WORK TO BE COMPLETED:
Pictures in the entries below are excluded; copy only the lines from the one containing "the elephant standing" to the one containing "В возложении приняли", both included.

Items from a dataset
[Start of section]

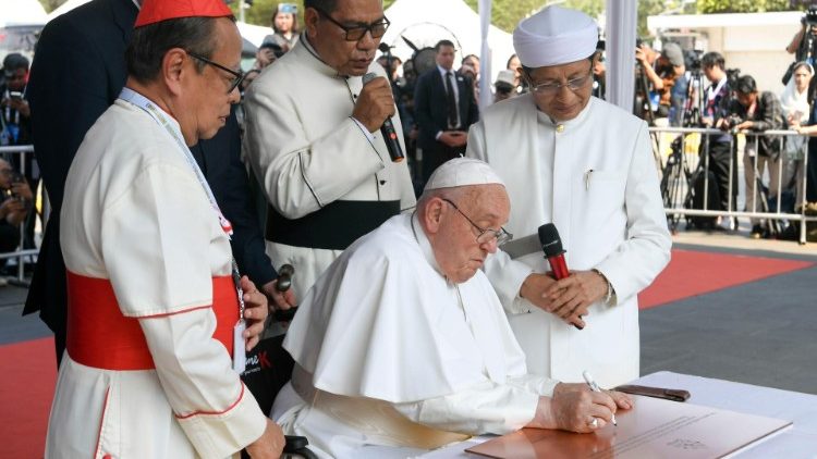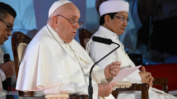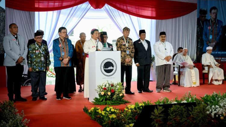На початку Папа пригадав, що дану мечеть спроектував християнський архітектор, що свідчить про те, що в історії та культурі індонезійського народу мечеть, як і інші місця поклоніння, є простором діалогу, взаємоповаги та гармонійного співіснування між релігіями «Це великий дар, який ви покликані плекати щодня, щоб релігійний досвід був орієнтиром для братерського і мирного суспільства, а не причиною для замкненості й конфронтації», – зазначив він.
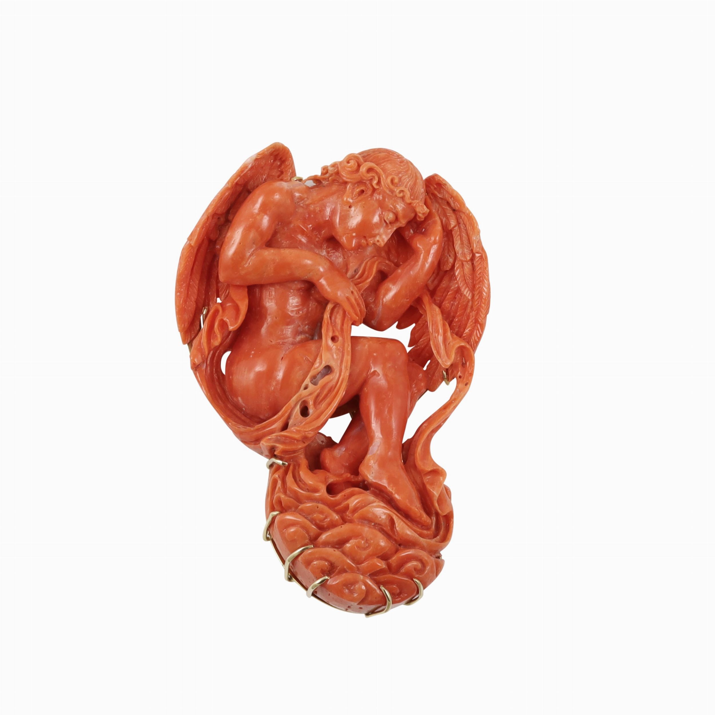 doppio uso con scultura in corallo raffigurante un angelo, montatura in oro giallo, gr. 91,1. Dimensioni 9 x 6 cm ca. Firmata: Demeglio
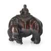 the elephant standing four-square with head turned slightly to the left, a young boy holding a lingzhi fungus seated on the top of its back covered by a rounded mat
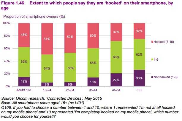约半数智能手机用户表示高度依恋(48%),而且迷恋程度随年龄增长而下降,3/5的16到24岁智能手机用户表示依恋自己的手机(61%);相比之下,55岁以上的用户只占32%。
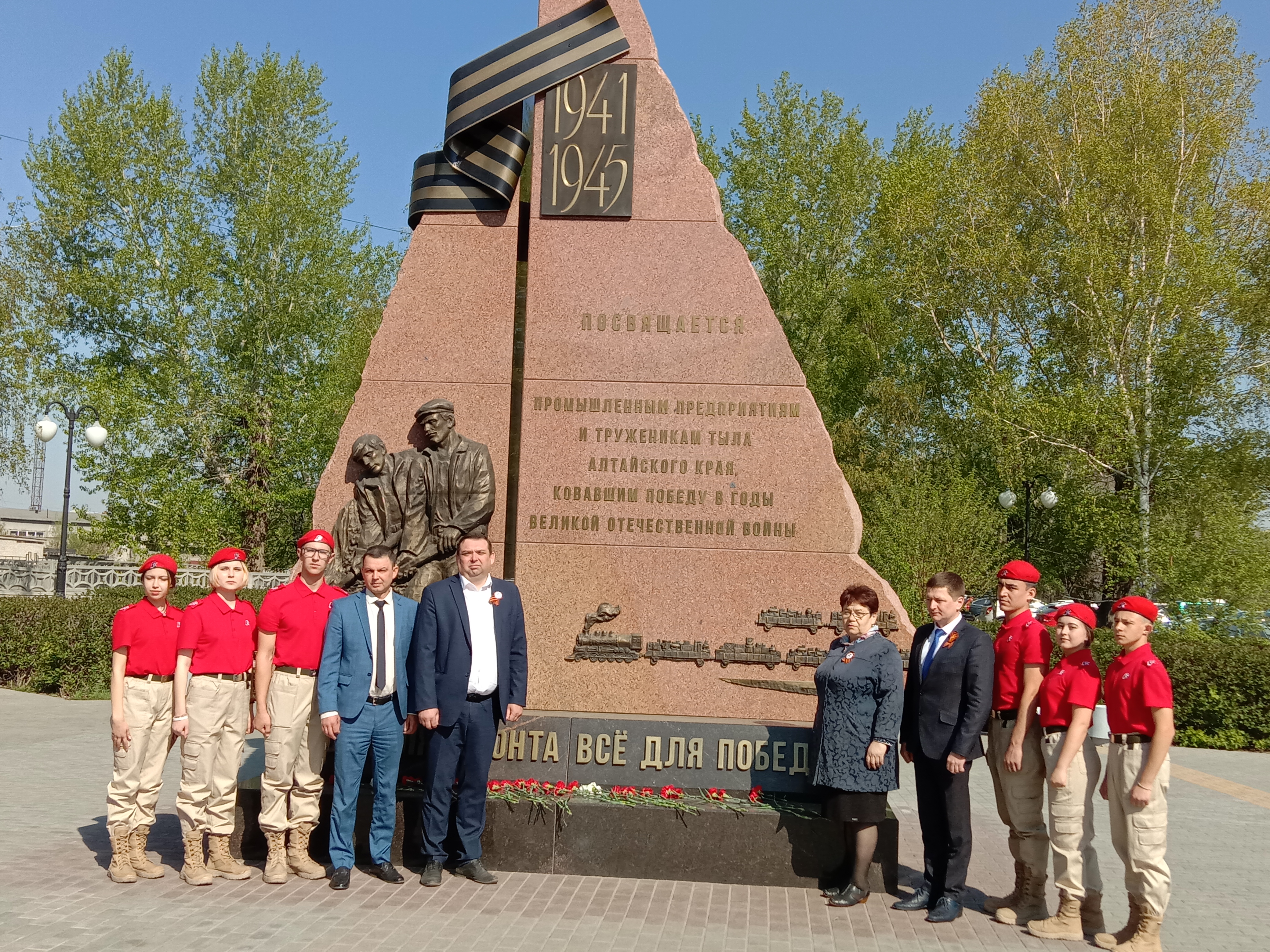 В возложении приняли участие депутаты Барнаульской городской Думы Дмитрий Ильиных и Светлана Бочкова, заместитель главы администрации по социальным вопросам Галина Бровко, директор Алтайского архитектурно-строительного колледжа В.А. Баленко и курсанты юнармейского ВПК «ВОИН».
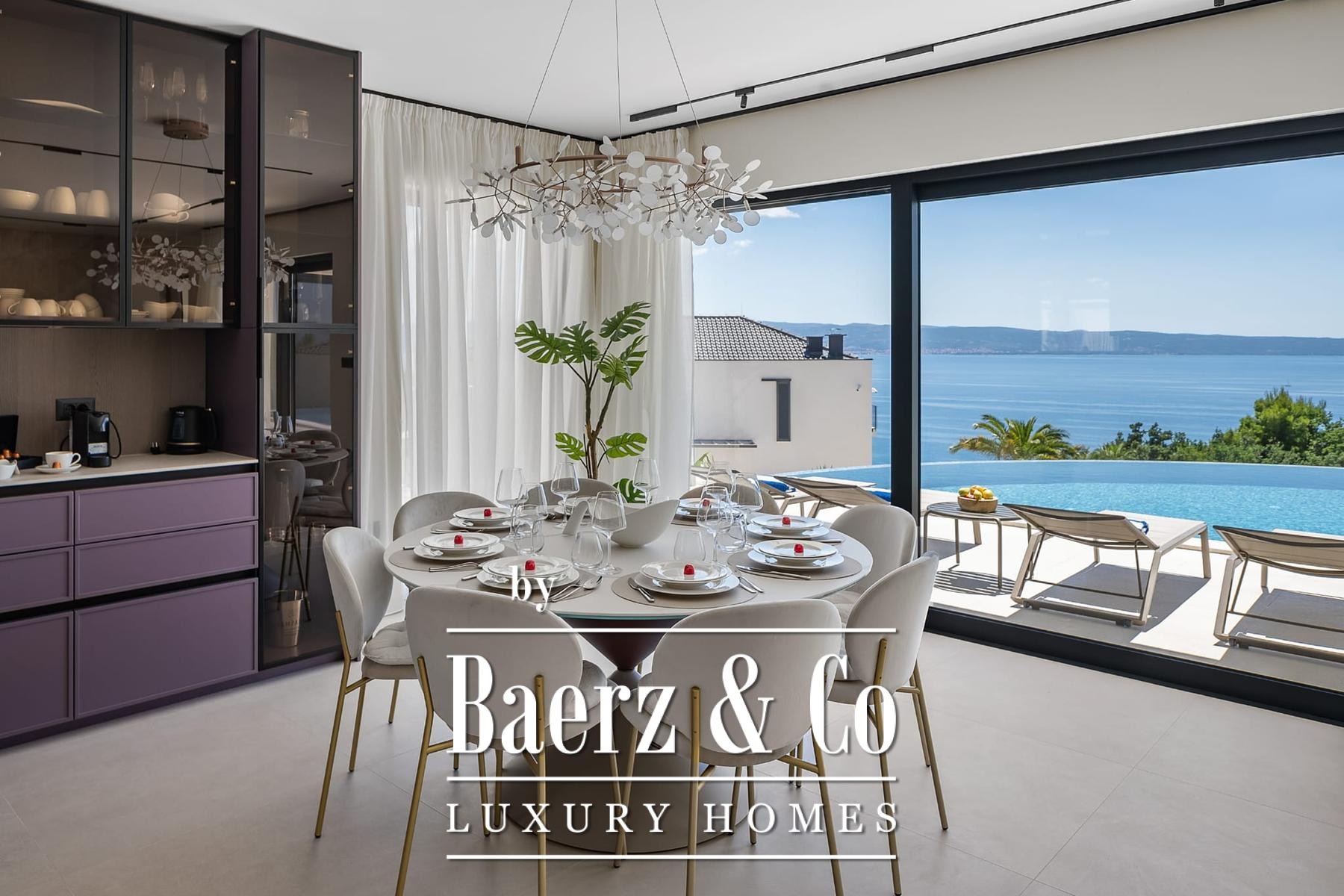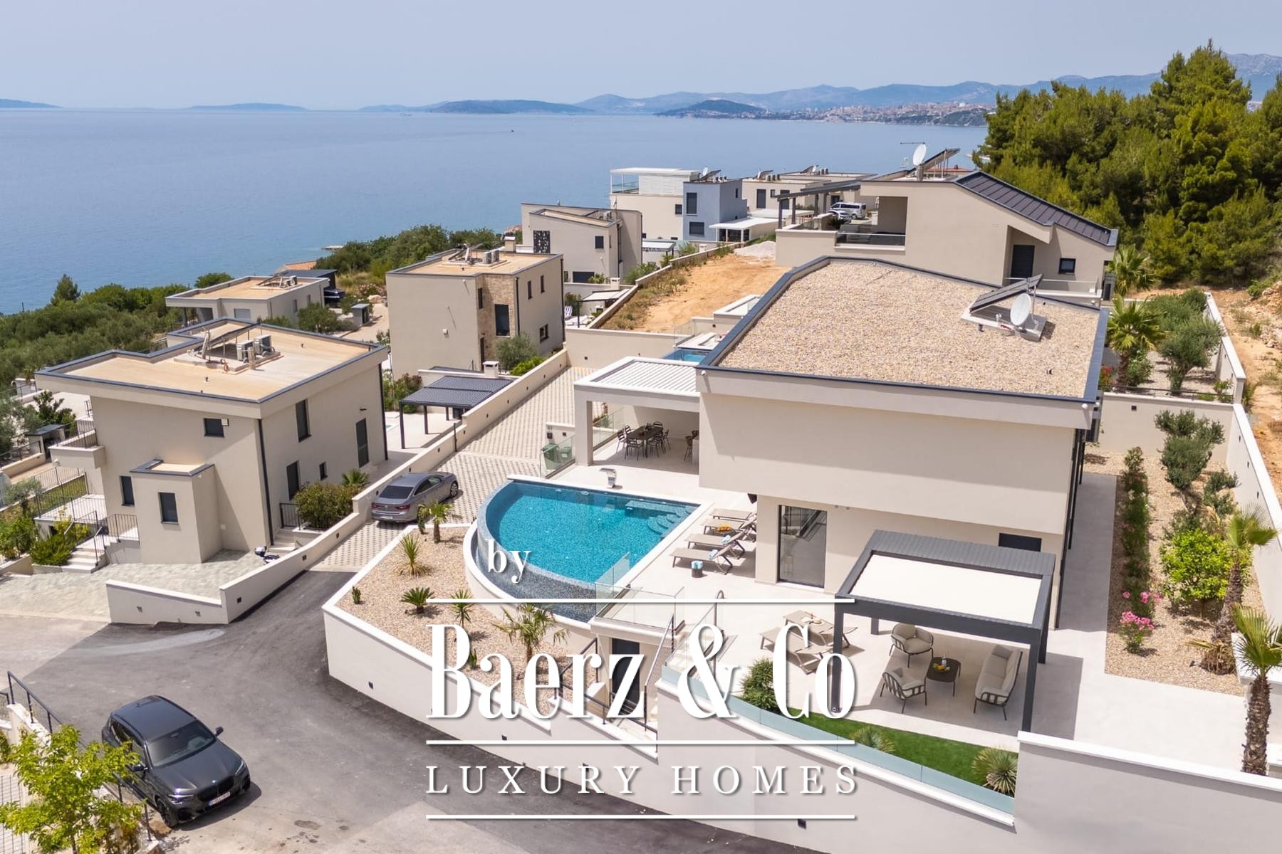 Luxury villa Podstrana presents a contemporary statement above the Adriatic, combining panoramic sea views with the quiet rhythms of hillside living. This villa, newly constructed and fully furnished, spans 328 m² across three levels, set discreetly within a 620 m² plot just 300 metres from the sea.

[End of section]

WRITTEN ANSWER:
 the elephant standing four-square with head turned slightly to the left, a young boy holding a lingzhi fungus seated on the top of its back covered by a rounded mat
约半数智能手机用户表示高度依恋(48%),而且迷恋程度随年龄增长而下降,3/5的16到24岁智能手机用户表示依恋自己的手机(61%);相比之下,55岁以上的用户只占32%。
 В возложении приняли участие депутаты Барнаульской городской Думы Дмитрий Ильиных и Светлана Бочкова, заместитель главы администрации по социальным вопросам Галина Бровко, директор Алтайского архитектурно-строительного колледжа В.А. Баленко и курсанты юнармейского ВПК «ВОИН».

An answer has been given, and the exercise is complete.